The approval of the proposed Northern Gateway pipeline will always be a political decision, according to one local group opposed to the plan.
Sea to Sands Conservation Alliance spokeswoman Sonja Ostertag said Prime Minister Stephen Harper rigged the approval process and is in no position to say he's letting scientists make the call on the controversial plan to build a pipeline from Alberta's oilsands to the port in Kitimat.
"His recent statements are a real contradiction to his actions previously in which his government, the Harper government, has gutted the environmental assessment process," she said. "There's some conflict there on what he's saying and what his actions have actually been."
Harper told reporters in Vancouver on Tuesday that his government is taking a hands-off approach and letting scientists make the call on whether or not Calgary-based Enbridge should be allowed to proceed with the $6-billion project.
"The only way that governments can handle controversial projects of this manner is to ensure that things are evaluated on an independent basis scientifically, and not simply on political criteria," Harper said, adding it's not the government's job to "pick and choose" specific projects.
The independent review is currently being conducted by the National Energy Board's Joint Review Panel. The final phase of its environmental review process is set to get underway next month.
Last week the federal government officially imposed a Dec. 31, 2013 deadline for the panel to issue its report and recommendations. On Wednesday, National Energy Board CEO Gaetan Caron posted a letter on the board's website to panel chairwoman Sheila Leggett informing her that if either he or Environment Minister Peter Kent believe the report won't done in time he can take "any measure I consider appropriate to ensure the time limit is met."

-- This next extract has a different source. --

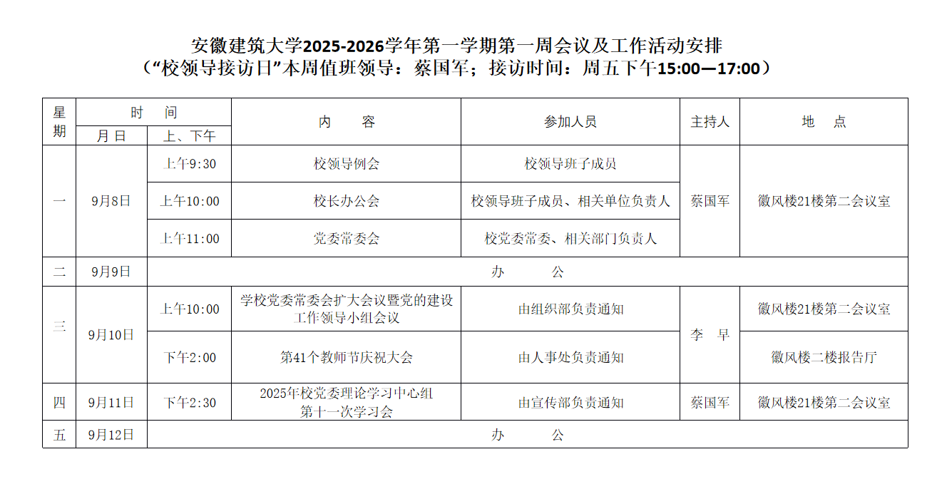 beats365官方唯一2025-2026学年第一学期第一周会议及工作活动安排

It's unlikely Caron will have to exercise those powers as Leggett wrote in a filing in June that she expects the report to be ready by late 2013.
Ostertag said any placed on the pipeline review will hinder the process.
"It seems very unreasonable to put a deadline on a review of a project of such significance," she said. "I think that it's really important that this report is done adequately and for that to be done I think we need to not have a deadline so all the information can be brought to the table."
Ostertag also pointed to changes the federal government has made to environmental regulations in recent years as proof the federal government is meddling in the process.
She said that with momentum building against the pipeline, Harper decided to temper his comments to avoid political fallout.
By saying they're letting scientists make the final decision, the Conservatives could be trying to give themselves political cover in a province where opposition to the pipeline is high according to public opinion polls. A survey released last week by Angus Reid had opponents outnumbering supporters of the project by a five-to-one margin, but with half of those surveyed still undecided.
Ostertag said with numbers like that, Harper would pay a price if he's seen to be forcing the project through.
"If (Harper) were to allow this project to go forward against our will, he'd really struggle to get any seats in the next election," she said. "I think he really misunderstood the situation here and misread the situation."